Remember when Donald Trump was losing?

If you blinked, you might have missed it.

It started during last Thursday’s debate, continued through the muddled results of Saturday’s caucuses and primaries, and lasted until, oh, around the time that news outlets began calling Mississippi for Trump a few minutes after the polls closed in the state on Tuesday night.

Now that Trump’s march to the nomination appears to be back on track with decisive victories in Michigan, Mississippi, and Hawaii, it’s worth pausing for a moment to assess just what went wrong with the #NeverTrump movement. Why has it done so little to alter the shape of the race? How has Trump managed to stay on top through the unrelenting critical coverage of the past week?

A good part of the answer lies in the distinctive defects of the messengers. In just about every case, those leading the charge against Trump lack the credibility to make the kill.

Let’s begin with Trump’s opponents in the race for the GOP nomination.

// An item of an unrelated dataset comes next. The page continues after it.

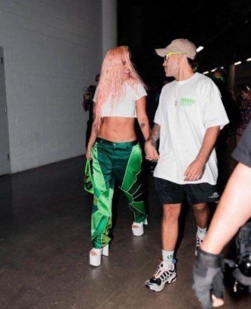 En las imágenes, se observan a ambos artistas agarrados de mano, sonriendo mientras se miran fijamente; de igual forma, ambos vestían de color verde y blanco.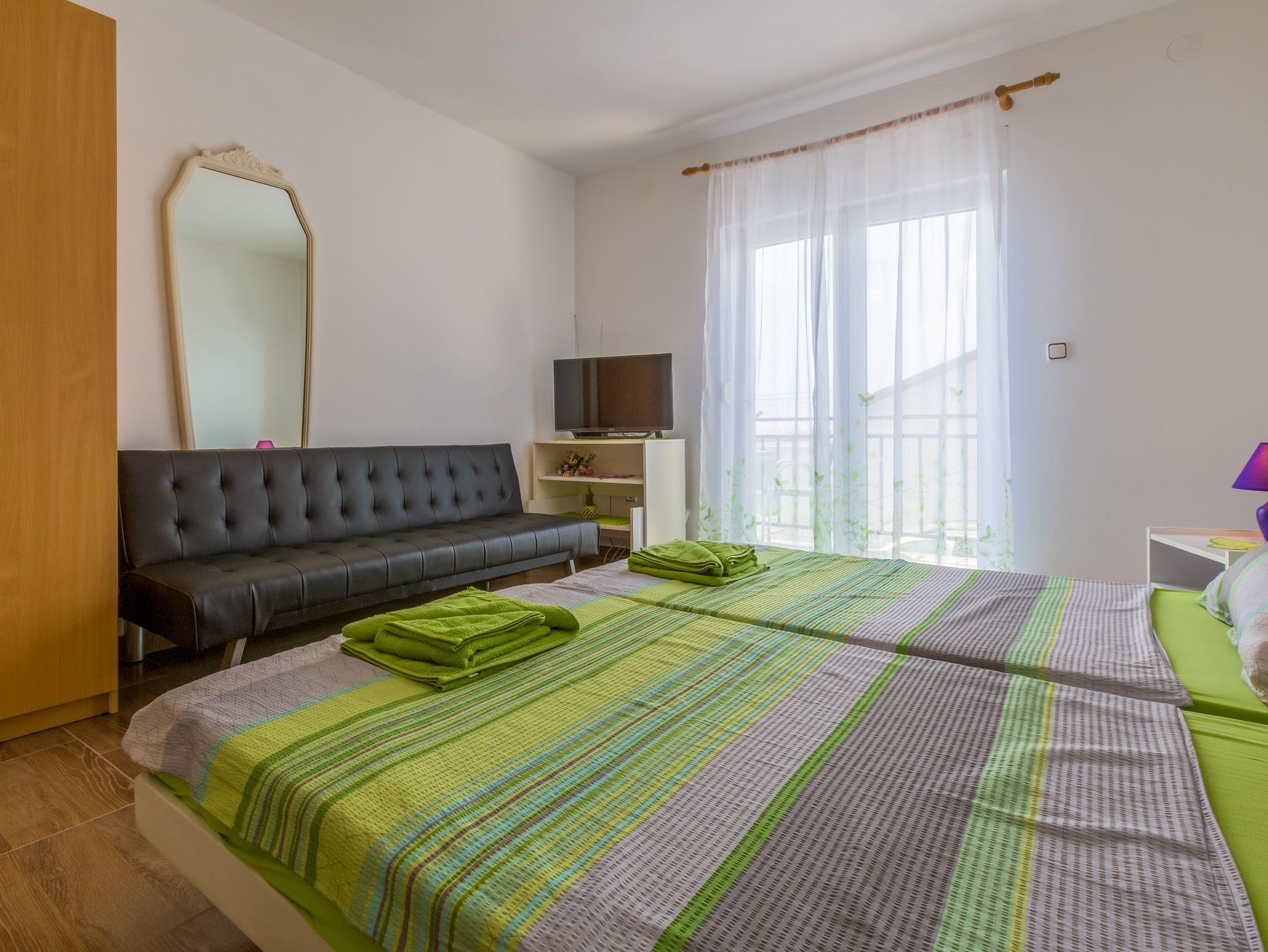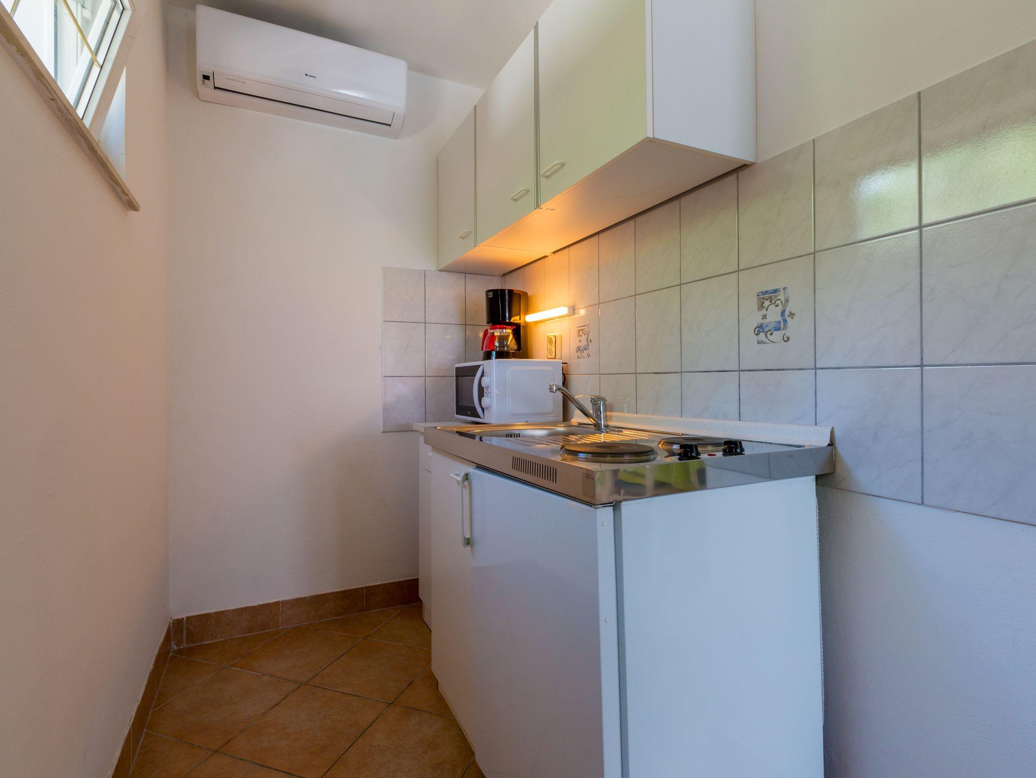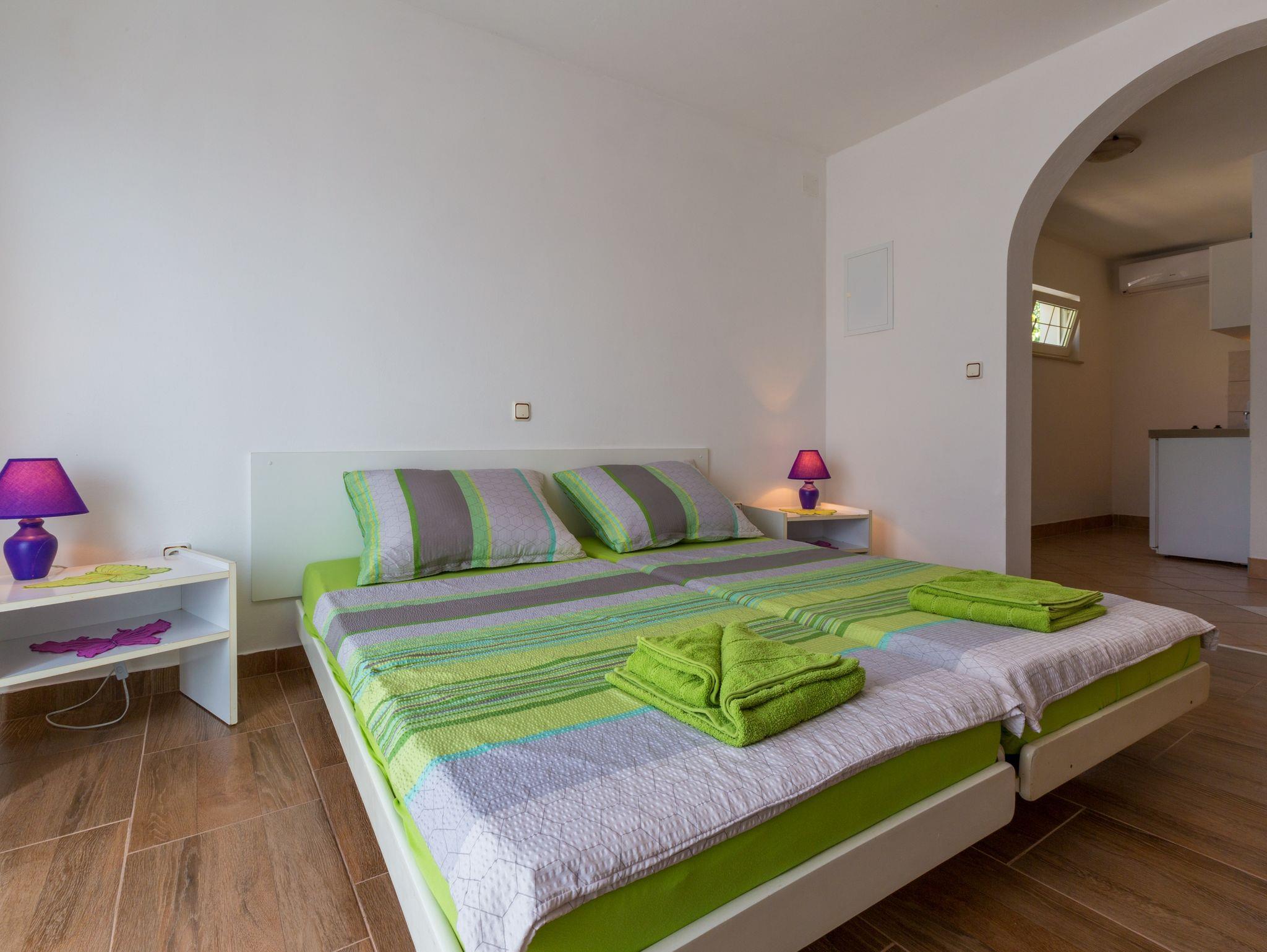 Studio bietet Platz für 2 Gäste. Die Betten sind in Schlafzimmern, die es 1 gibt, innerhalb einer Gesamtfläche von 30m2, angeordnet. Die Gäste haben einen eigenen Balkon zur Verfügung, auf der sie in warmen Sommernächten genießen können. Das Studio-Apartment bietet Meerblick. Es ist erlaubt, Speisen auf dem Gemeinschafts-Grill vorzubereiten. Während ihres Aufenthalts können Gäste das gemeinsam zur Nutzung stehende Schwimmbad benutzen. IM PREIS INBEGRIFFEN: Kurtaxe, Endreinigung, Pool, Parkplatz, Internet, Kinderbett. VERBINDLICHE ZUSÄTZLICHE KOSTEN: Aufzahlung für Kurzaufenthalte (prozentualer Zuschlag pro Nächtigungsanzahl: 30% - 1, 20% - 2, 10% - 3). UNVERBINDLICHE ZUSÄTZLICHE KOSTEN: Klimatisierung (7,00 € pro Nacht). Die Verfügbarkeit zusätzlicher Dienstleistungen in Ihrem reservierten Termin und die Preise derselben (falls nicht aufgeführt) müssen im Voraus überprüft werden. Zusätzliche Dienstleistungen die in der Zahlungsaufforderung nicht aufgeführt sind werden direkt beim Vermieter bezahlt, angenommen der Gast nutzt auch diese.

For two endless, sordid hours last Thursday night, Marco Rubio and Ted Cruz tag-teamed with the three Fox News debate moderators in laying into Trump. They were merciless. By the time it was over, Trump looked like an incompetent, vulgarian huckster whose renegade presidential campaign may well pose a dire threat to the republic.

Yet when Rubio and Cruz were asked at the conclusion of the debate if they would support Trump in the event that he secured the party’s nomination, both of them outed themselves as unprincipled Republican Party hacks by answering, astonishingly, yes.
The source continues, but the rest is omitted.